What needs to be done: Print, word for word, the line containing "ミャンマーにおけるMDGs~" and all lines beneath it to the end of the entries below. Pictures do not belong in the copy.

Input:
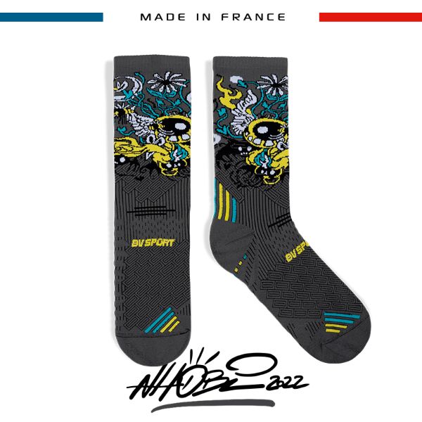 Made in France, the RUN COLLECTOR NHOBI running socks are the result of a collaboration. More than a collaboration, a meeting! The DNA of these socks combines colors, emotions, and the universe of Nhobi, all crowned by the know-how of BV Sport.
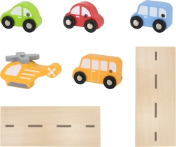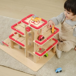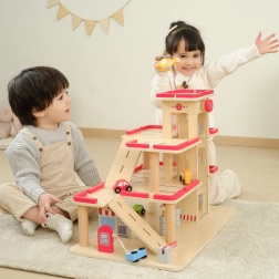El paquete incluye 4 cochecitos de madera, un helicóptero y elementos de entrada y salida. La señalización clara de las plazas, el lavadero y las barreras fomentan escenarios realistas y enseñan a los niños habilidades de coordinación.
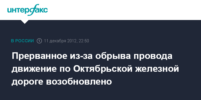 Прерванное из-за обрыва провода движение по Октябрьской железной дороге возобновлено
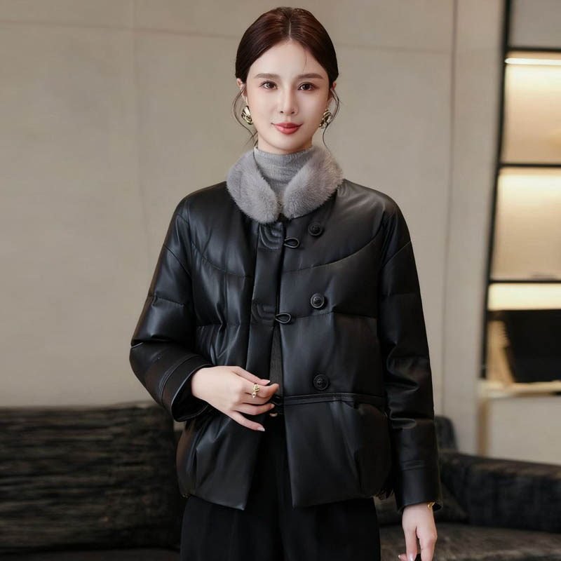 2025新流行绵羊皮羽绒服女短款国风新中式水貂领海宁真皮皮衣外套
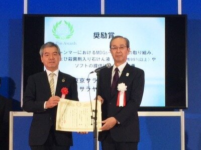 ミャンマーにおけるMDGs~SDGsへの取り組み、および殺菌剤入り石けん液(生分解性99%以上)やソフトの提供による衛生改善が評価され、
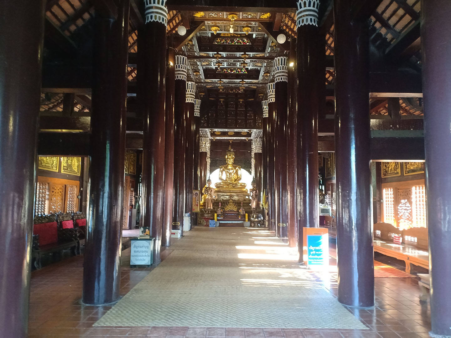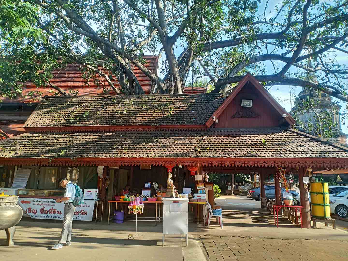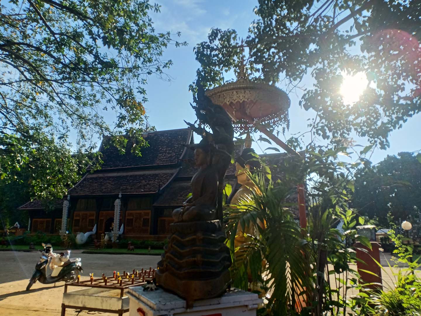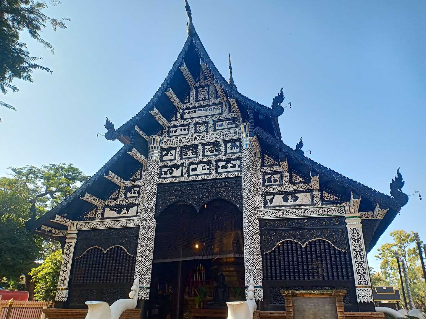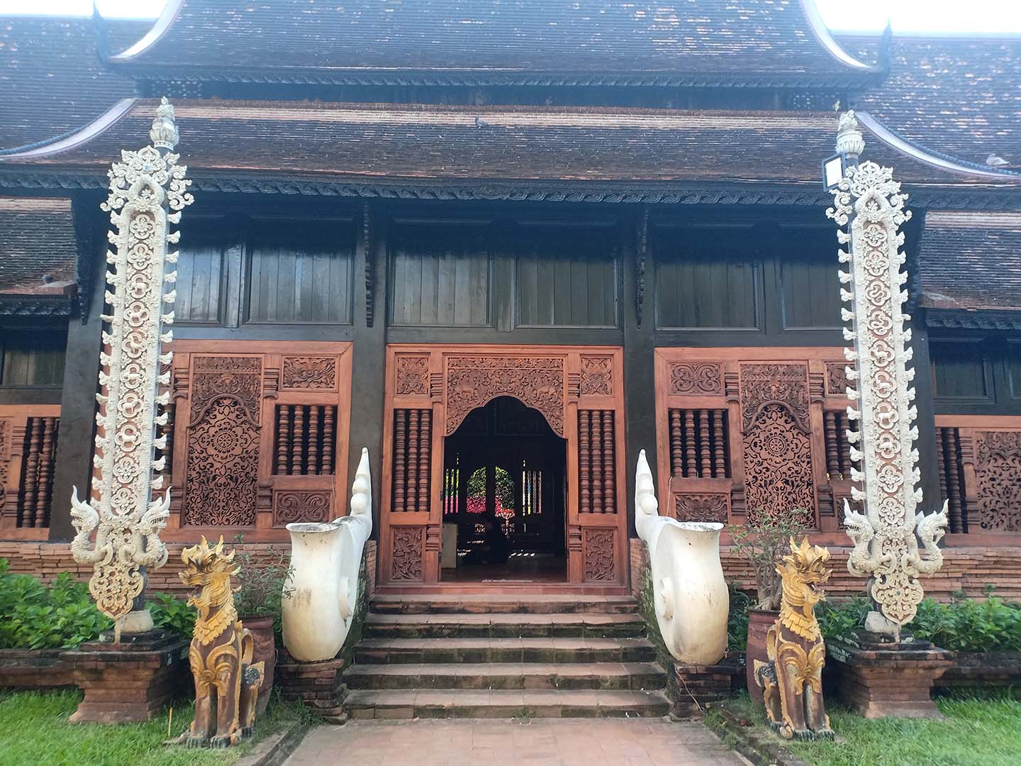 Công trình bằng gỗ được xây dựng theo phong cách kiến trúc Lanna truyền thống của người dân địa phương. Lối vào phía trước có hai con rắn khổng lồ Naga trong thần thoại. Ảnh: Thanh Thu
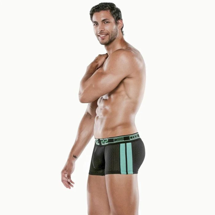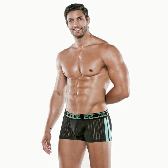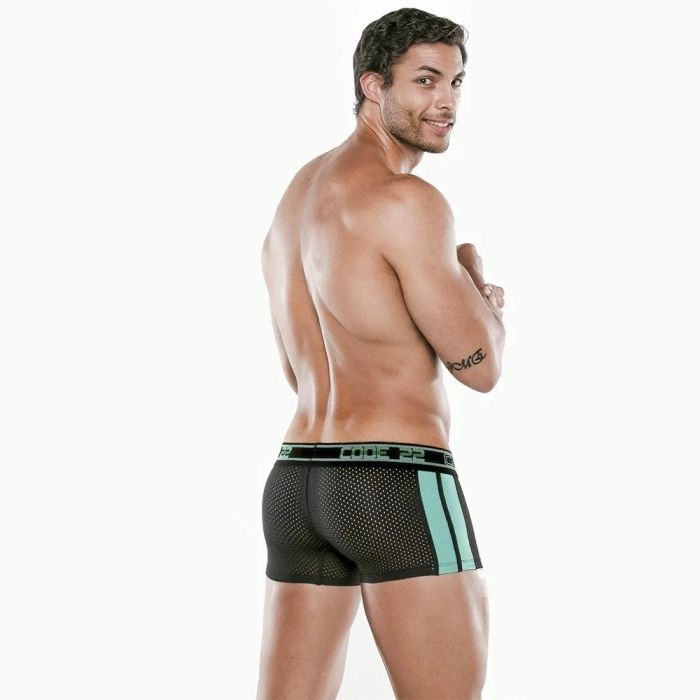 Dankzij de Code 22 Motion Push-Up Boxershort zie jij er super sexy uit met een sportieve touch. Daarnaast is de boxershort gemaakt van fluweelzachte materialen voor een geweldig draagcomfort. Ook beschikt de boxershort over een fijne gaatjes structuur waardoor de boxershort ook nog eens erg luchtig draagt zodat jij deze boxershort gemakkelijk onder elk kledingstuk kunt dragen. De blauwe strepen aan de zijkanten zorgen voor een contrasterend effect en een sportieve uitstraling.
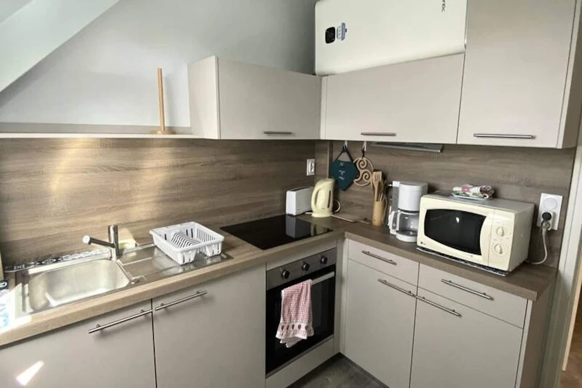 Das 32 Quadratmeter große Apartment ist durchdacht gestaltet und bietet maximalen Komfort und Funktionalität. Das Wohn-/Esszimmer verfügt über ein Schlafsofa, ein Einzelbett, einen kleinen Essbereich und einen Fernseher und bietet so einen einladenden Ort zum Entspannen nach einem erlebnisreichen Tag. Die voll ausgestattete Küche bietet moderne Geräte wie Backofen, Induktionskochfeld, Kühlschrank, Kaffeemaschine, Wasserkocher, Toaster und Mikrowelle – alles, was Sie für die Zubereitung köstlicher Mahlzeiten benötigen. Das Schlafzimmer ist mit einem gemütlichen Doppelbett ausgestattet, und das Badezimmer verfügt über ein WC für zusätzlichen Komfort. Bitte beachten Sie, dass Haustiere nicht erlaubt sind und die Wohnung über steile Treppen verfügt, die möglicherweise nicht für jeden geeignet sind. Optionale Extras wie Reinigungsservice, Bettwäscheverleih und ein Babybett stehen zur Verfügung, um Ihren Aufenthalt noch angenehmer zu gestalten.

Expected answer:
 ミャンマーにおけるMDGs~SDGsへの取り組み、および殺菌剤入り石けん液(生分解性99%以上)やソフトの提供による衛生改善が評価され、
 Công trình bằng gỗ được xây dựng theo phong cách kiến trúc Lanna truyền thống của người dân địa phương. Lối vào phía trước có hai con rắn khổng lồ Naga trong thần thoại. Ảnh: Thanh Thu
 Dankzij de Code 22 Motion Push-Up Boxershort zie jij er super sexy uit met een sportieve touch. Daarnaast is de boxershort gemaakt van fluweelzachte materialen voor een geweldig draagcomfort. Ook beschikt de boxershort over een fijne gaatjes structuur waardoor de boxershort ook nog eens erg luchtig draagt zodat jij deze boxershort gemakkelijk onder elk kledingstuk kunt dragen. De blauwe strepen aan de zijkanten zorgen voor een contrasterend effect en een sportieve uitstraling.
 Das 32 Quadratmeter große Apartment ist durchdacht gestaltet und bietet maximalen Komfort und Funktionalität. Das Wohn-/Esszimmer verfügt über ein Schlafsofa, ein Einzelbett, einen kleinen Essbereich und einen Fernseher und bietet so einen einladenden Ort zum Entspannen nach einem erlebnisreichen Tag. Die voll ausgestattete Küche bietet moderne Geräte wie Backofen, Induktionskochfeld, Kühlschrank, Kaffeemaschine, Wasserkocher, Toaster und Mikrowelle – alles, was Sie für die Zubereitung köstlicher Mahlzeiten benötigen. Das Schlafzimmer ist mit einem gemütlichen Doppelbett ausgestattet, und das Badezimmer verfügt über ein WC für zusätzlichen Komfort. Bitte beachten Sie, dass Haustiere nicht erlaubt sind und die Wohnung über steile Treppen verfügt, die möglicherweise nicht für jeden geeignet sind. Optionale Extras wie Reinigungsservice, Bettwäscheverleih und ein Babybett stehen zur Verfügung, um Ihren Aufenthalt noch angenehmer zu gestalten.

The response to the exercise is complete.